Snoopy, new canine recruit at the Institut Curie, delights patients and caregivers


It relaxes patients in the waiting room, triggers smiles before an anxiety-provoking treatment, and makes you forget about cancer: Snoopy, the new “recruit” of the Institut Curie in Paris, is a dog who also creates a link between caregivers.

This is the first time that a hospital in France has had a full-time dog in a care unit. Other countries, such as the United States or Canada, make more extensive use of these “therapeutic” or “mediation” animals, mainly cats and dogs.

We discover Snoopy, a two-year-old black and white English setter, adopted at the SPA, comfortably installed in the office of the “Research, Wounds and Healing Unit” of the Parisian anti-cancer center, at the origin of the project.

Create a link between caregivers and patients

The whole team is very caring, not stingy with caresses and always quick to throw him a kibble.

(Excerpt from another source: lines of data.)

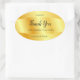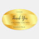 Modelo de texto manuscrito em ouro de agradecimento Adesivo oval elegante.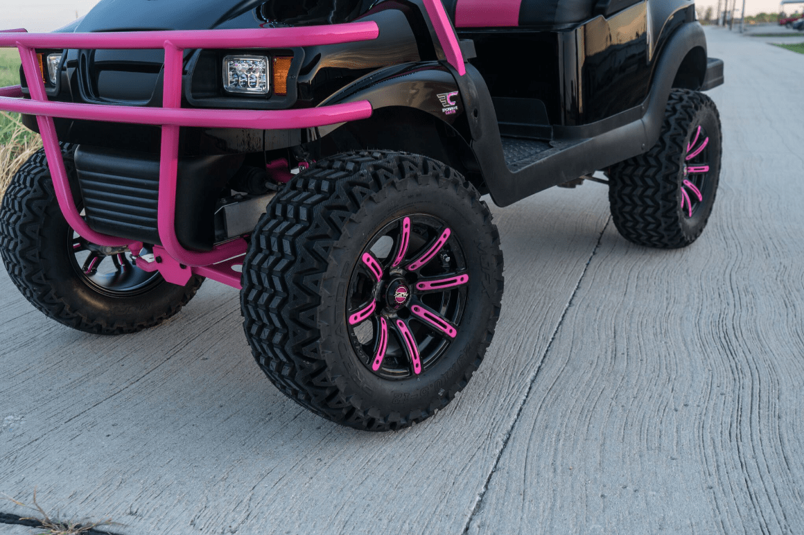 Excessive Carts proudly highlights this 100% custom Pinkalicious Golf Cart. All of our builds start with a customer design consultation and end with a truly Excessive Cart experience! Your customization options insure no 2 Pinkalicious Golf Cart builds are ever the same. Our The Pinkalicious Golf Cart build is truly one of a kind and, of course, Excessive!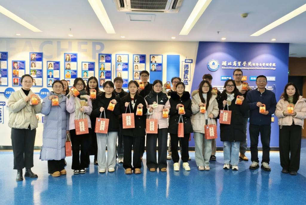 2026届研究生考试在即,为振奋经管学子考研斗志,发挥学院的关怀作用,12月15日和17日,经济与管理学院武汉、咸宁校区接连开展2026届考研学生慰问活动。经济与管理学院院长严良,党总支书记郑洁,副院长孟静、徐刚,党总支副书记郑燕培,分团委书记戴小雨以及各辅导员老师参与此次活动,为考研学子们准备了“经”英上岸能量包和专属祝福卡,为学子们加油打气。
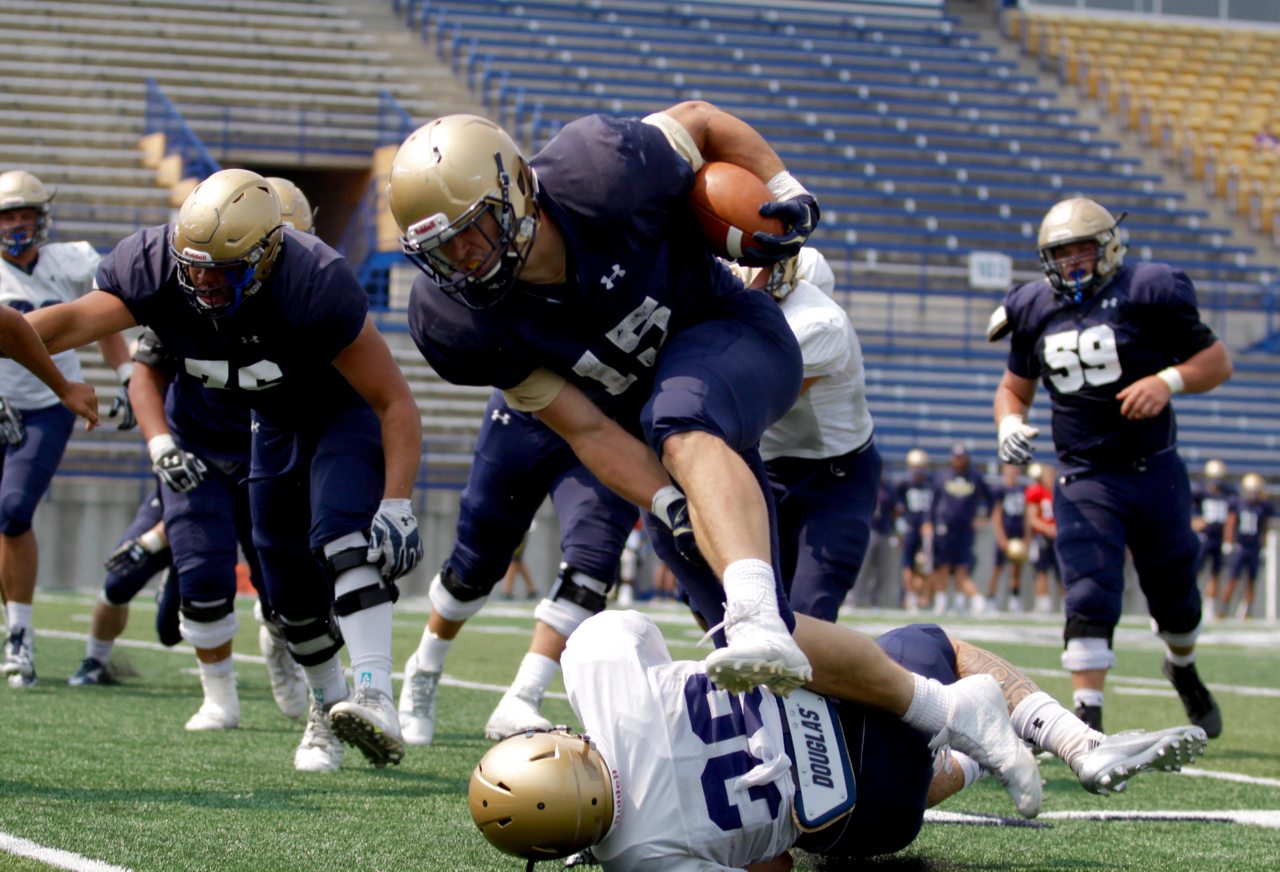 The players: Edward Vander (6-foot-1, 200-pound sophomore); Tyrel Burgess (5-8, 160-pound true freshman); Troy Andersen (6-3, 215-pound true freshman); Jake Roper (5-foot-11, 195-pound redshirt freshman); R.J. Fitzgerald (5-10, 215-pound true freshman); Logan Jones (5-9, 175-pound junior); Anthony Pegues (5-8, 180-pound redshirt freshman) and Noah James (6-1, 215-pound junior).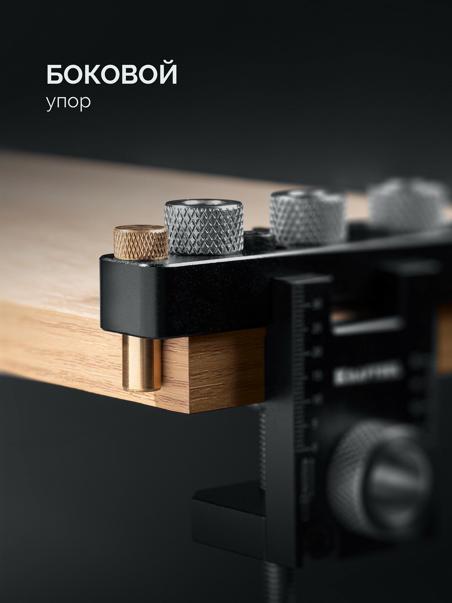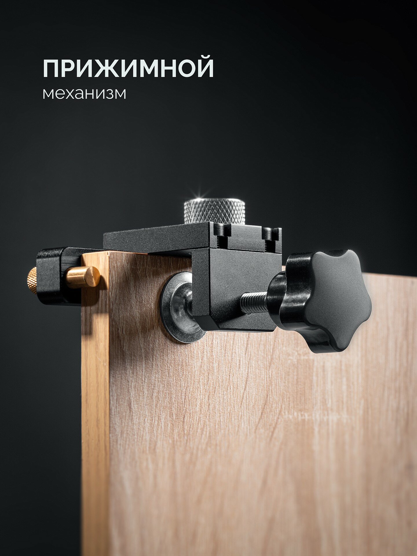 Удобный прижимной механизм позволяет легко и быстро фиксировать заготовки. Упор с направляющей для сверления под эксцентриковую стяжку обеспечивает точность и аккуратность при выполнении работ.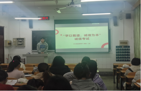 本次活动特别强调诚信教育的重要性,将“学以载道,诚信为本”的理念贯穿于活动的整个过程,并通过多种途径予以落实。首先,2022级、2023级、2024级的各班级均组织了以诚信考试为主题的班会活动。通过播放教育视频、开展案例分析等方法,学生们深入理解了诚信考试的重要性。学生们积极参与讨论,分享了自己对诚信考试的理解,并探讨了考试作弊现象出现的原因。此外,活动还包含了签署承诺书的环节,同学们在诚信考试承诺书上郑重签名,以示对诚信考试倡议活动的支持与承诺。最终,在同学们的积极参与和配合下,本次活动得以圆满结束。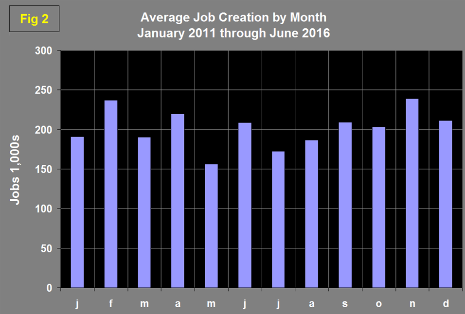 Last month we wrote regarding the May result, “The BLS reported that 38,000 jobs were added in May, a result so poor and unexpected as to be barely credible. Mitigating circumstances were the Verizon strike that removed about 34,000 from the employed pool and secondly that in the last six years May has been down by 28 percent from April. Even with those caveats, the June result was dismal and doesn’t jive with the other economic data that we study”.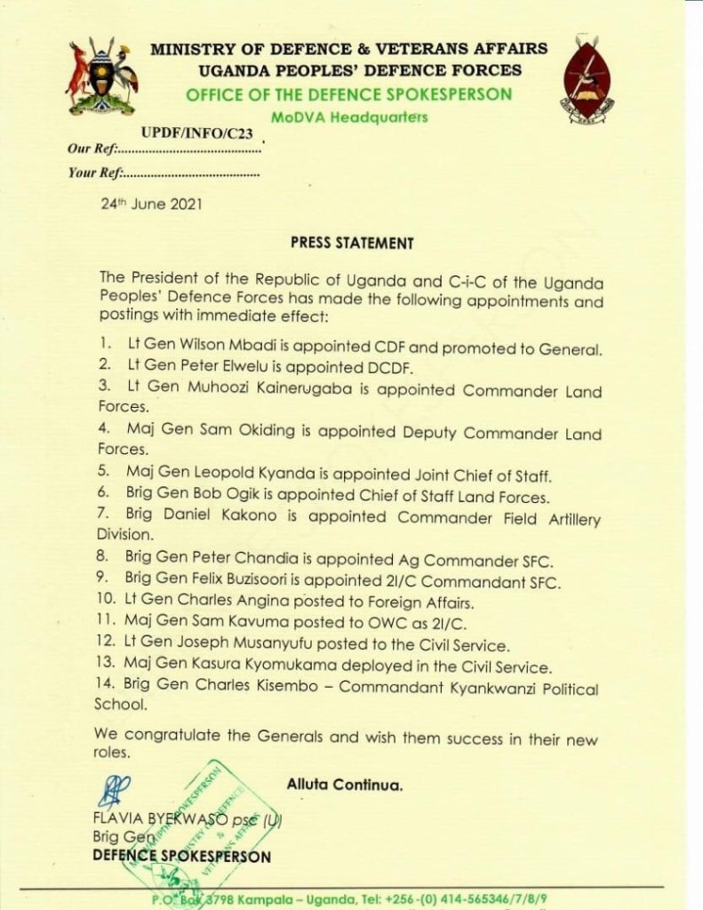 According to a statement released by the Ministry of Defense; newly appointed General Wilson Mbadi is the new Commander of Defense Forces deputized by Lt Gen Peter Elwelu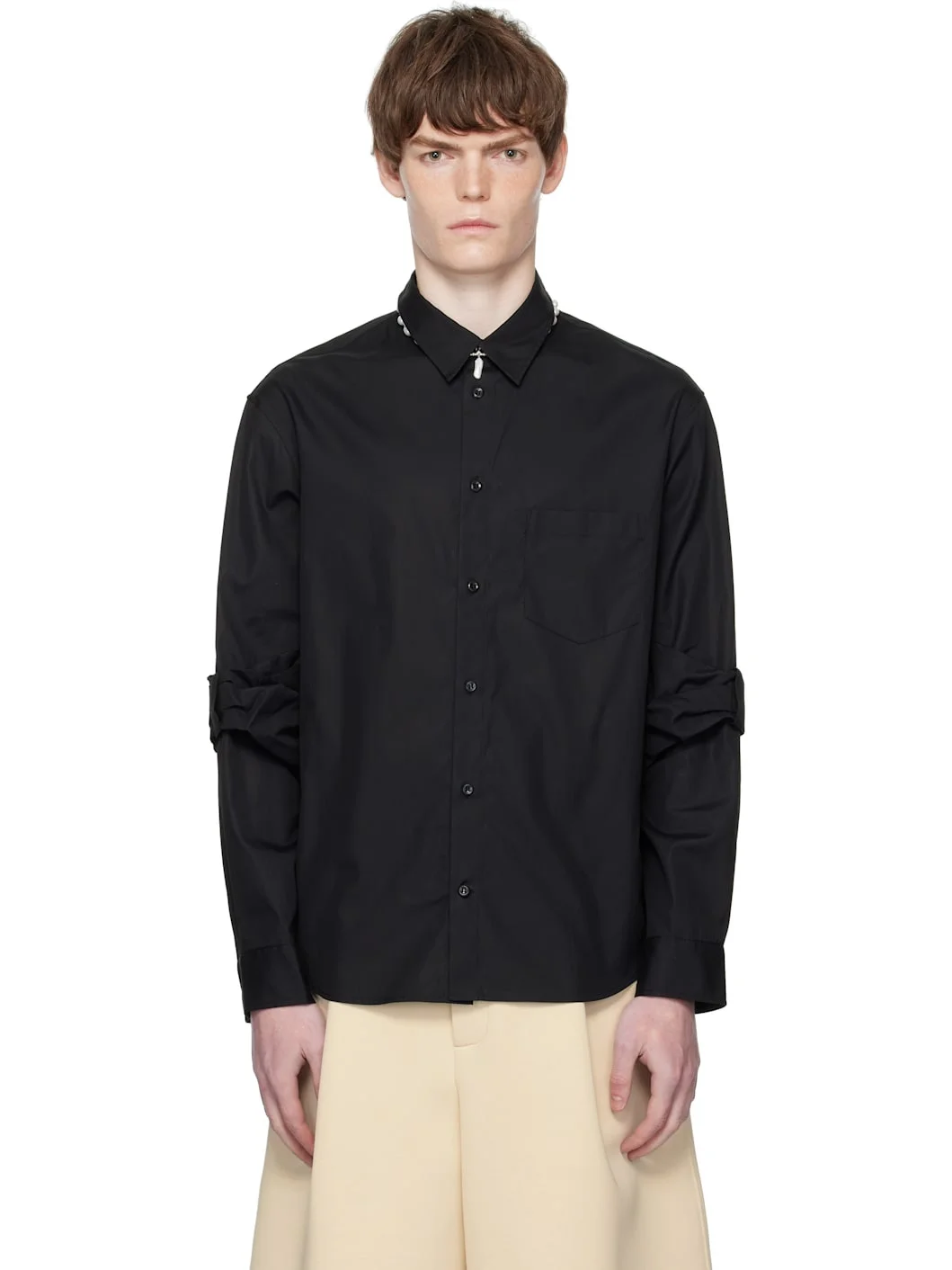Cotton poplin shirt. · Spread collar · Button closure · Patch pocket at chest · Shirttail hem · Bow accent at sleeves · Buttoned barrel cuffs · Box pleat at back yoke Supplier color: Black 100% cotton. Made in Portugal 252405M192013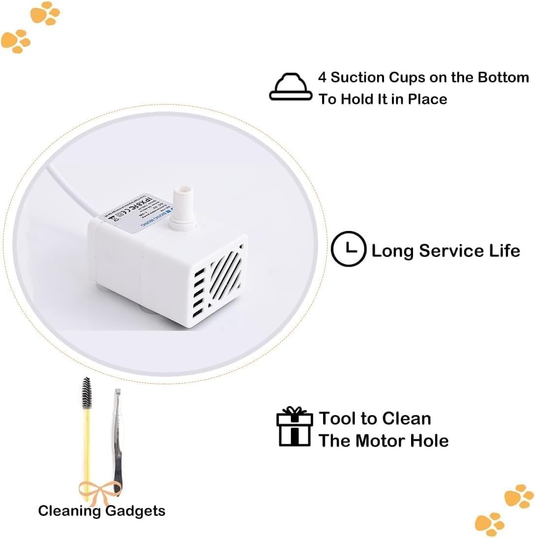 Super Quiet: With a water pump that measures less than 38 decibels, our pet water fountain is incredibly quiet, ensuring you and your pet are not disturbed by any unwanted noise

Arrived in mid-December, their new “work colleague”, as they like to call him, seems to have integrated quickly.

Isabelle Fromantin, the team manager, insists: “it was a project imagined by all the members of the service”. “We wondered how to create a link between caregivers and patients,” explains the nurse-researcher. “In a place where you often have to go fast, he brings a kind of humanity”.

“Cancer is a considerable ordeal for patients and their loved ones,” she continues. “He gives them a little smile”. Various studies indicate that during therapy, the presence of an animal increases the patient’s participation.

Just look at the reactions of patients in the waiting room when they see him arrive, eager for hugs: his arrival breaks the silence, triggering spontaneous conversations.

At 75, Laurette Duponchel, treated at Curie for carcinoma on her foot, does not hide her joy at finding him: “seeing him brings me a lot of well-being, comfort”, she lights up. “It can also be beneficial to those who have no family, or few visitors,” she says.

Among Snoopy’s future missions: to be alongside patients who want it shortly before anxiety-provoking treatment, especially children.

“Shared custody”

For reasons of hygiene and safety, he never enters the treatment rooms and does not visit patients who are too fragile. Every two or three weeks, education sessions are organized within the hospital to teach him certain skills. “We teach him to interact with a patient, to lie down in front of him, to put his paws on the bed or to put his muzzle down to be petted”, explains Aurélie Nuzillard, canine educator.

Each mastered exercise will be a good opportunity to earn kibble. His official owner, Marguerite Nicodeme, an advanced practice nurse, chose him according to very specific criteria: “we wanted a medium-sized dog so that it wouldn’t be too impressive, with drooping ears for the ‘reassuring’ side and who is sociable, who can interact with patients of any age”, she lists.

“Since it was a team project, we decided that he would live in ‘shared custody’, sleeping alternately with several members of the service,” she adds.

If the arrival of Snoopy delighted many patients, it also made it possible to bring together caregivers who sometimes crossed paths in the corridors without knowing each other. The adoption of this dog is also part of a study to assess its benefit in the hospital setting.

“We want to be able to measure the well-being brought to a patient by a four-legged companion and see if it really improves the quality of life at work in the hospital”, specifies Professor Steven Le Gouill, director of the ensemble. Hospital of the Institute.